Griffiths signed an employment contract with the Stuttgarter Kickers just five days later , with whom he was both Württemberg champion and South German champion at the end of the season . In his second season he won the Württemberg Championship again . With the outbreak of World War I , Griffiths returned to rugby.

After the end of the war, Griffiths worked in the Netherlands from 1920 to 1922 . At first he looked after Be Quick Groningen , the team won the Dutch championship title in 1920 . He then took over the coaching position at the first division club Vitesse Arnheim ; In his last coaching year, the club rose to the second division and under his successor Robert William Jefferson in 1923 again.

Griffiths was also successful that year, after his first season in Belgium ; he won the championship in 1923 with Union Saint-Gilloise , the eighth of the club overall. During his second coaching activity, 1933 to 1935, he won the championship with the team in both 1934 and 1935 and also set a record of 60 unbeaten league games that is still valid today.
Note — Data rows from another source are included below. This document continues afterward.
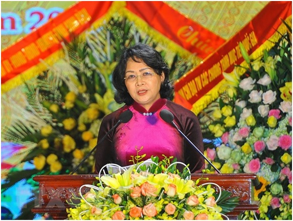 Phó Chủ tịch nước Đặng Thị Ngọc Thịnh phát biểu tại buổi lễ. (Ảnh: Minh Đức/TTXVN)
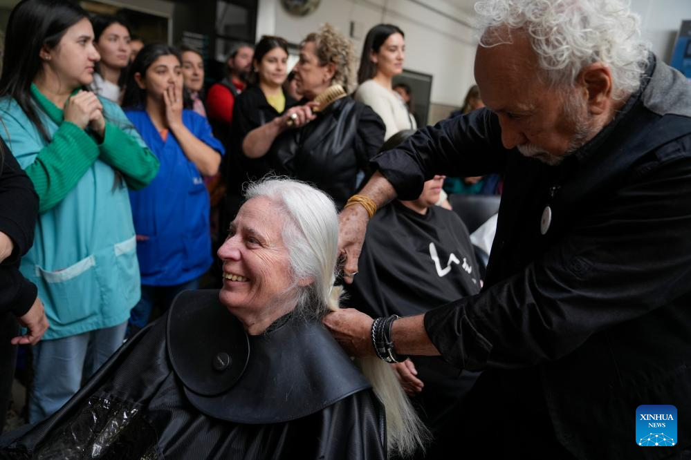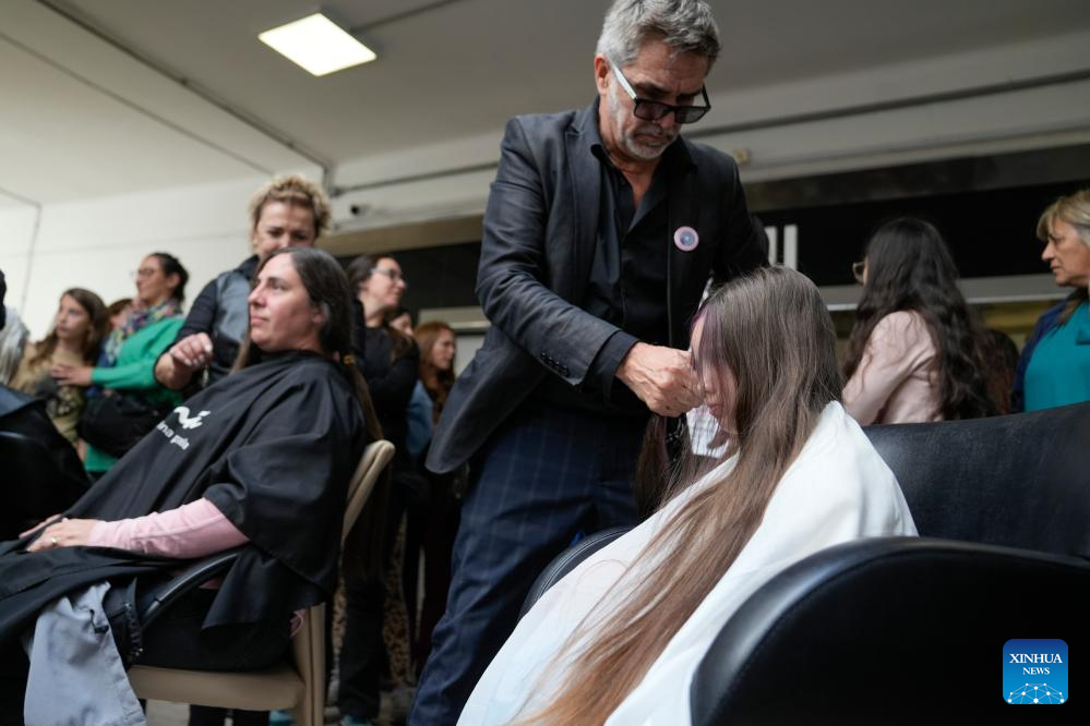 MONTEVIDEO, 20 octubre, 2025 (Xinhua) -- Un peluquero realiza un corte de cabello a una mujer durante una jornada de donación de cabello a beneficio de la confección de accesorios y pelucas para mujeres en tratamiento oncológico en ocasión del Día Mundial de Lucha contra el Cáncer de Mama, en Montevideo, capital de Uruguay, el 20 de octubre de 2025. (Xinhua/Nicolás Celaya)
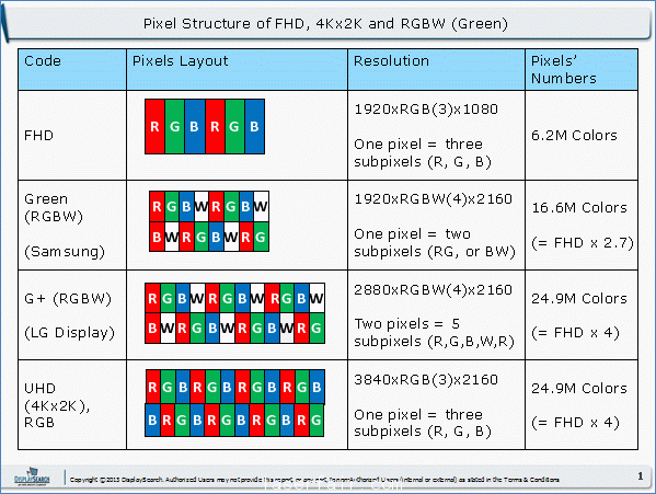 雖然原理相同,但是三星電子和LG Display開(kāi)發(fā)的RGBW 4K面板和傳統(tǒng)4K面板略有不同。除了RGB外,像素中又增加了一種子像素---白色(W)。隨著子像素的增加,RGBW 4K面板也可以達(dá)到更高的分辨率。三星電子將其RGBW面板稱(chēng)為Green UHD,而LG Display則稱(chēng)為G+ UHD。
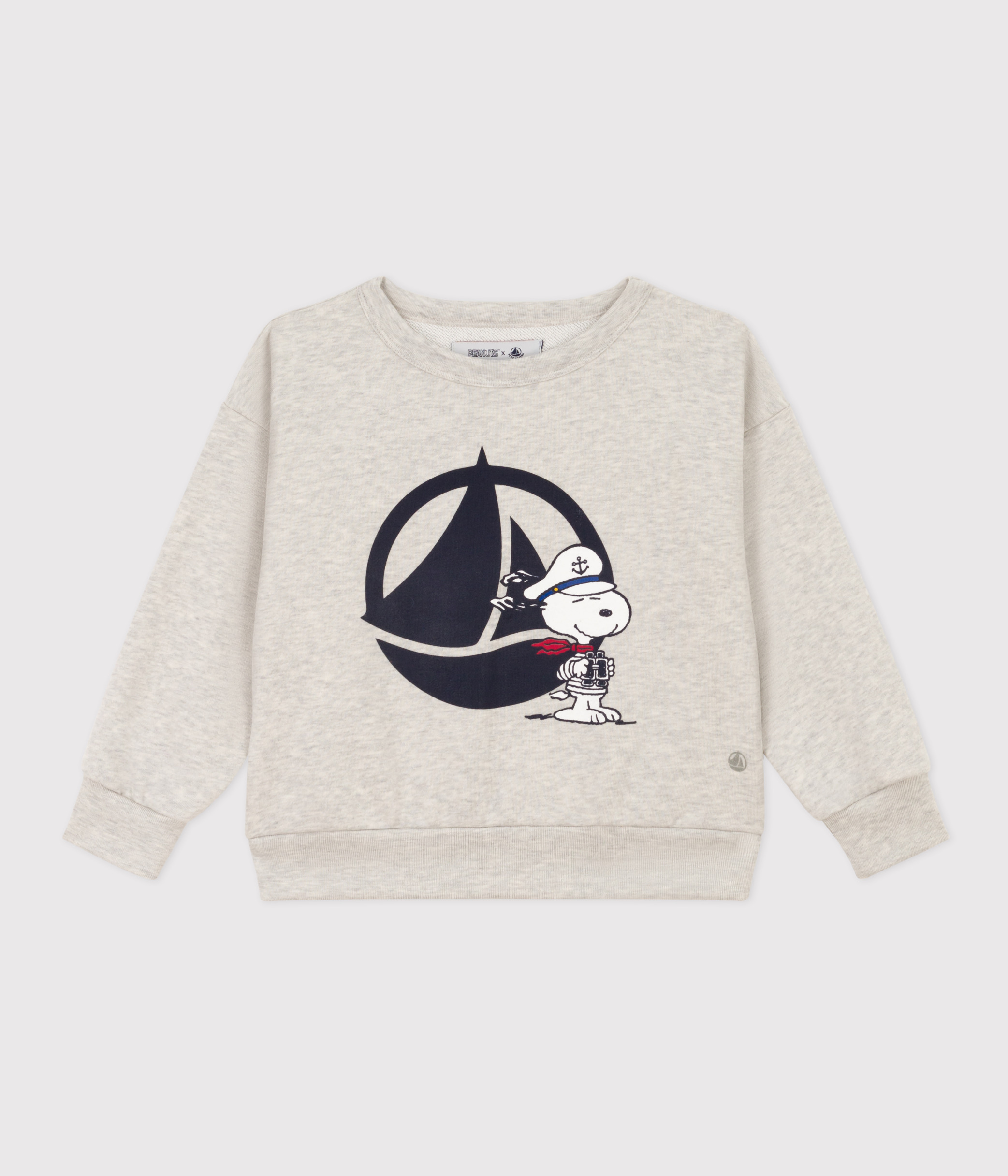 お揃いのスウェットプルオーバーは、前面に大きくプリントされたプチバトーの船とマリニエールを着たスヌーピーが存在感たっぷり。

In the meantime he had been active in France, where he won the Coupe de France in 1933 with Excelsior AC Roubaix in the local derby against RC Roubaix . He later returned to France again to manage the Union Sportive Valenciennes-Anzin in 1935 .

After he had ended his career a few months earlier by leaving USVA and returned to England for retirement, he died there in May 1936.

National team

In 1920 Griffiths was part of the supervisory staff when the Belgian national team won the gold medal in the soccer competition of the Olympic Games after abandoning the final against Czechoslovakia . In protest against some of the decisions made by referee John Lewis , the Czechoslovak players left the pitch before the end of the first half after a 2-0 intermediate result in favor of the host Belgians, whereupon he ended the game prematurely.
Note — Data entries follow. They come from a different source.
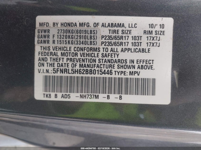 • 5FNRL5H62BB015446
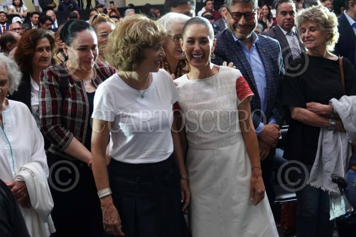 Claudia Sheinbaum, Enrique Graue, Rocío Barcena, y Rosaura Ruiz Gutiérrez, durante la ceremonia de cancelación de la Estampilla Postal de 100 años del Escudo y Lema Universitario.
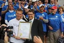 During his run, Riley was awarded the keys to the city of Thunder Bay, Ontario from Mayor Keith Hobbs.[11] Vancouver Mayor Gregor Robertson proclaimed October 6, 2011 Dr. Riley Senft Step Into Action Prostate Cancer Awareness Day.
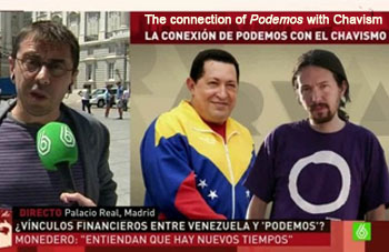 Los periodistas informan sobre la conexión entre Chávez y Podemos ; izquierda , Monedero, derecha , con Iglesias
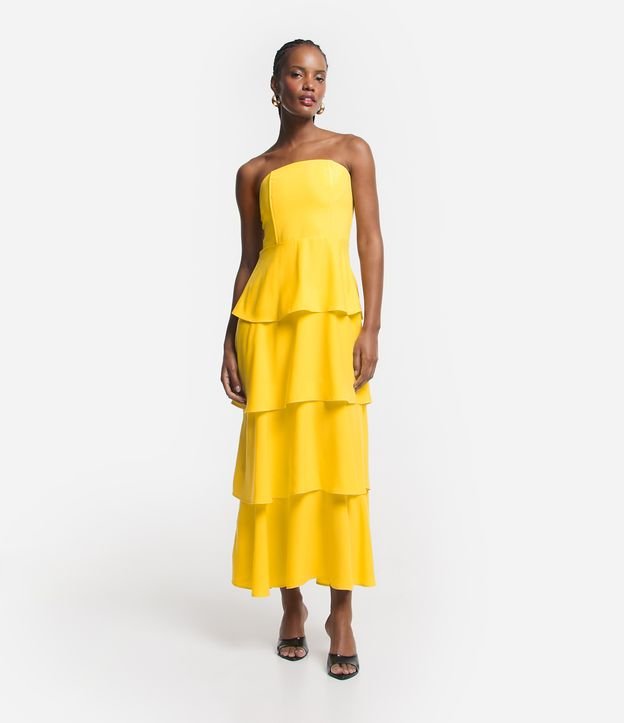 Vestido Longo Tomara Que Caia em Crepe com Sobreposições
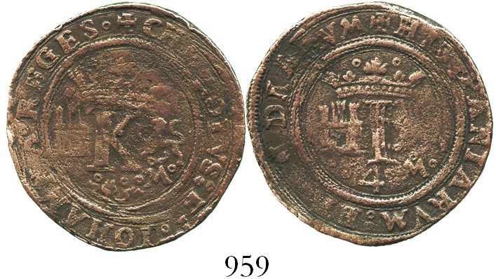 Mexico City, Mexico, copper 4 maravedis, Charles-Joanna, "Late Series," king's name as CHAROLVS.
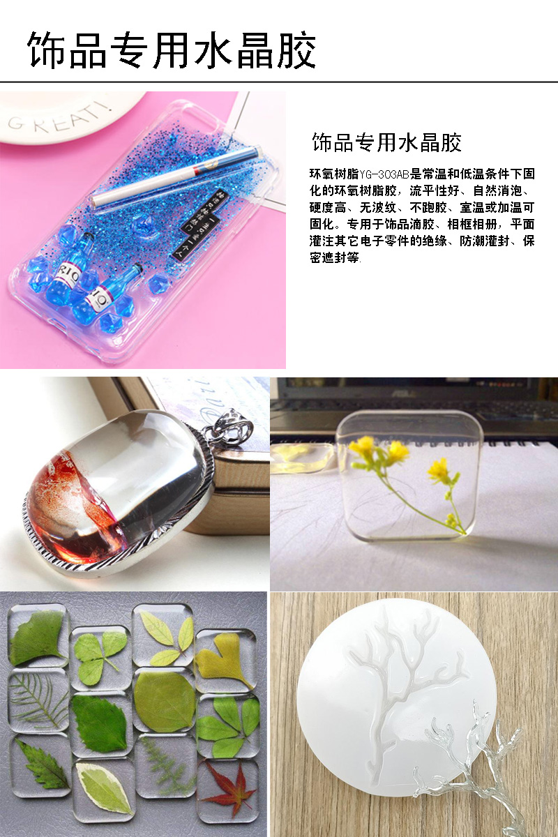 水晶膠工藝簡(jiǎn)單:水晶膠又稱水晶滴膠、假水晶, 水晶膠又分為聚氨酯PU膠、環(huán)氧樹脂AB膠兩大類,環(huán)氧樹脂型價(jià)格相對(duì)低廉應(yīng)用廣泛,但耐黃變性與韌性相對(duì)要差,而聚胺脂PU膠有抗紫外線功能,可保證三年不黃變,不會(huì)隨著時(shí)間推移而變硬具有很好的韌性適用于車輛標(biāo)牌等室外使用較多的高端產(chǎn)品,但因其價(jià)格較高而使用較少。普通環(huán)氧水晶膠是由高純度環(huán)氧樹脂、固化劑及其他改質(zhì)組成。其固化產(chǎn)物具有耐水、耐化學(xué)腐蝕、晶瑩剔透之特點(diǎn)。

In 1924 he coached the national team of France , with which he took part in the Olympic football tournament from May 25 to June 9 and - after the 7-0 victory over Latvia in the round of 16 - with 1: 5 against the selection of Uruguay , the eventual Olympic champion , retired in the quarterfinals . In December 1933, Griffiths was part of the 30-person French delegation on the occasion of a friendly between the English and French national teams. In total, he worked as an association coach for the French association FFFA for seven years , but presumably mainly took care of coach training while the national team was looked after by a selection committee headed by Gaston Barreau .

Web links

Individual evidence

  1. a b lt. THE ENGLISH NATIONAL FOOTBALL ARCHIVES , accessed on January 14, 2017
  2. Michael Joyce: Football League Players' Records 1888 to 1939 . 2nd revised edition. Soccerdata, Nottingham 2004, ISBN 1-899468-67-6 , pp. 108 .
  3. Profiles . Lincoln City Archives. Archived from the original on July 22, 2012. Info: The archive link was automatically inserted and not yet checked. Please check the original and archive link according to the instructions and then remove this notice. Retrieved September 5, 2013. @1@ 2Template: Webachiv / IABot / www.redimps.com
  4. Sporting Notes . In: Nottingham Evening Post , January 22, 1904, p. 6.  (paid link)
  5. a b Football Coach who has been well treated . In: Birmingham Daily Gazette , August 29, 1914, p. 3.  (paid link)
  6. a b Griffiths est dans nos murs . In: Le Ballon Rond , February 23, 1924, p. 1. 
  7. L'entraineur hereux . In: Le Miroir de sports , May 9, 1933, p. 303. 
  8. a b Potins réginaux . In: L'Auto-vélo , May 30, 1936, p. 5. 
  9. ^ French Team Arrive. . In: Aberdeen Journal , December 6, 1933, p. 4.  (paid link)
  10. Les "Diables Rouges" de Belgique aux prices avec les "Dogues" lillois . In: Le Grand écho du Nord de la France , May 19, 1935, p. 5.